INFORMATION SUPPLIED Start Marker

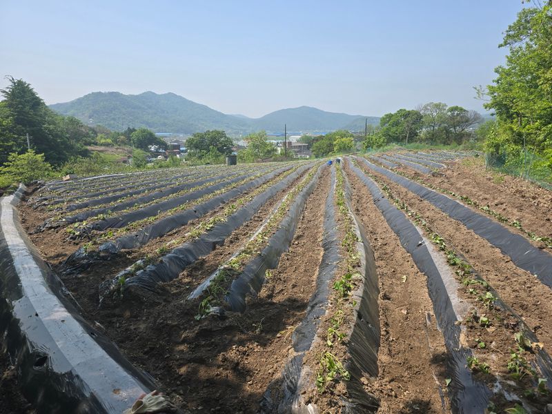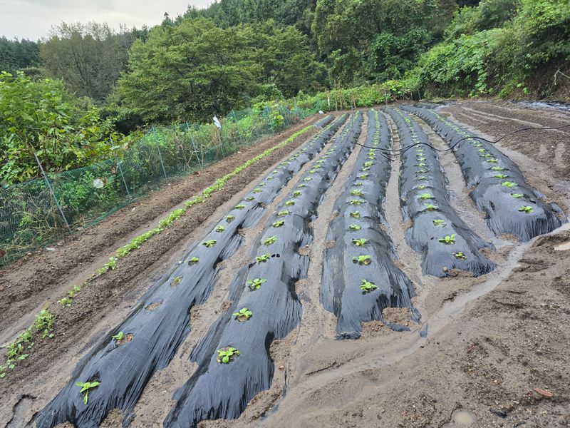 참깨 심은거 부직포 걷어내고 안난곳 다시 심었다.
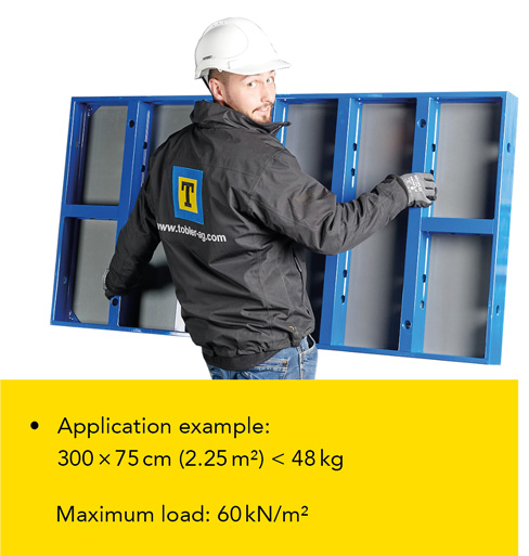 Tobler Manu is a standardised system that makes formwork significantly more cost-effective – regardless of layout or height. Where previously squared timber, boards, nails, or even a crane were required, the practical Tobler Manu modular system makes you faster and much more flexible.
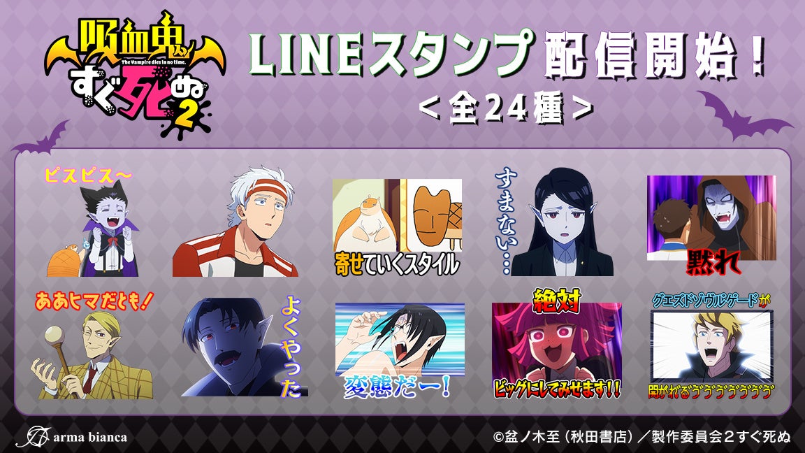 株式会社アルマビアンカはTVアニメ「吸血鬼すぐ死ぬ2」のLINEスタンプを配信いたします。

INFORMATION SUPPLIED End Marker

Reproduce the listing exactly, but omit every picture in it.

 참깨 심은거 부직포 걷어내고 안난곳 다시 심었다.
 Tobler Manu is a standardised system that makes formwork significantly more cost-effective – regardless of layout or height. Where previously squared timber, boards, nails, or even a crane were required, the practical Tobler Manu modular system makes you faster and much more flexible.
 株式会社アルマビアンカはTVアニメ「吸血鬼すぐ死ぬ2」のLINEスタンプを配信いたします。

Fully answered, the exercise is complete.